FIGURE 1 Shows carbon dioxide aortogram with nonvisualization of the right renal artery and a left RAS.
Discussion
In patients with hypertension and RVD diagnosed by angiography, the decision to proceed with surgical intervention is based on multiple factors: age, anatomic issues, severity of hypertension, medical comorbidities, and presence of ischemic nephropathy. In certain cases, functional studies may be useful in determining the utility of revascularizing kidneys with questionable function. Our group routinely uses nuclear renography to assess small kidneys for the presence of function prior to revascularization. These nuclear studies can be performed using a variety of isotopes. In general, if a small kidney provides less than 10% of the patient’s renal function, we do not plan to revascularize. In the patient presented, his right kidney did not demonstrate any significant radioisotope uptake or excretion.
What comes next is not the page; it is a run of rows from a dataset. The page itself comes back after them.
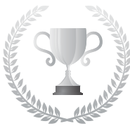
Most Likely to be in a Movie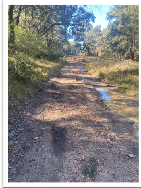
Eroded track. 4WD only.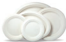
Sugarcane or Bagasse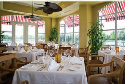
LAKESIDE BAR + GRILL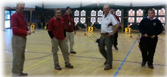
The Judges making sure all is in order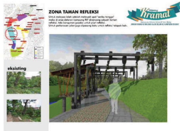
Fig. 14. Massaging Zone.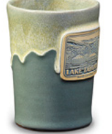
Sage w/Dijon White Abby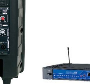
UHF amplified sound UI system Premio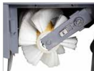
NO TOOLS REQUIRED TO REPLACE THE CENTRAL BRUSH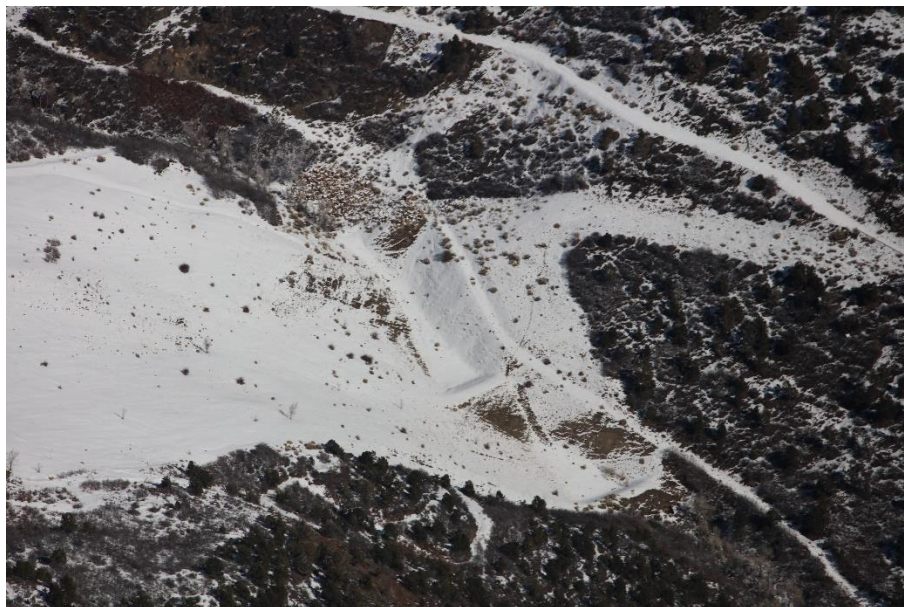
Lower portion of West Mine, including ponds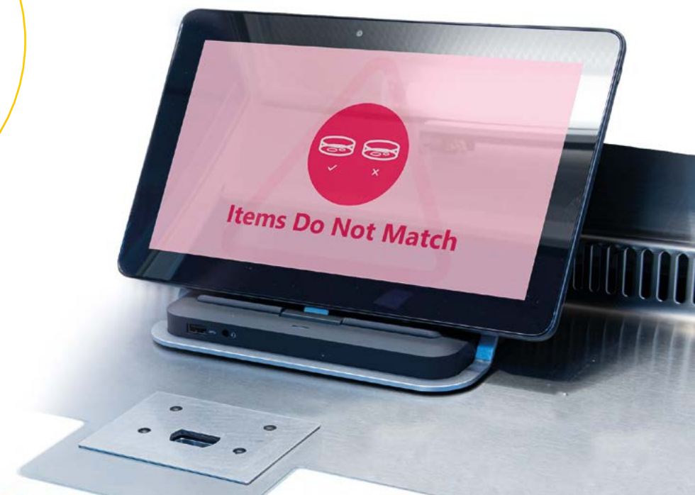
Work area tablet option (WIFI or LAN connections) on magnetic mount

Diagnosis and Recommendations
The options for renal revascularization include percutaneous angioplasty or surgical revascularization in patients with RVD, hypertension refractory to medical management, and/or impaired excretory renal function. In this patient, the decision is made to proceed with surgical revascularization of the left kidney as there was no safe way to perform angioplasty and stenting without risking occlusion of a major branch of the renal artery. Given the proximity of the lesion to the main branch point of the renal artery and the extended warm ischemia time that would have been required if a complex anastomosis or multiple anastomoses were required, a decision was made to proceed with renal artery endarterectomy. This was performed using a left subcostal incision with a medial mobilization of the viscera to broadly expose the aorta, left renal artery, and left kidney. The endarterectomy was performed using a longitudinal arteriotomy extending across the aorta onto the larger of the two main branches of the left renal artery. Following bovine pericardial patch angioplasty of the arteriotomy, an intraoperative duplex exam was performed demonstrating a normal low resistance flow pattern with a RA-PSV of 1.4 m/s and no turbulence (Fig. 2).
FIGURE 2 Shows stenosis at the branch point of the early bifurcation of the left renal artery.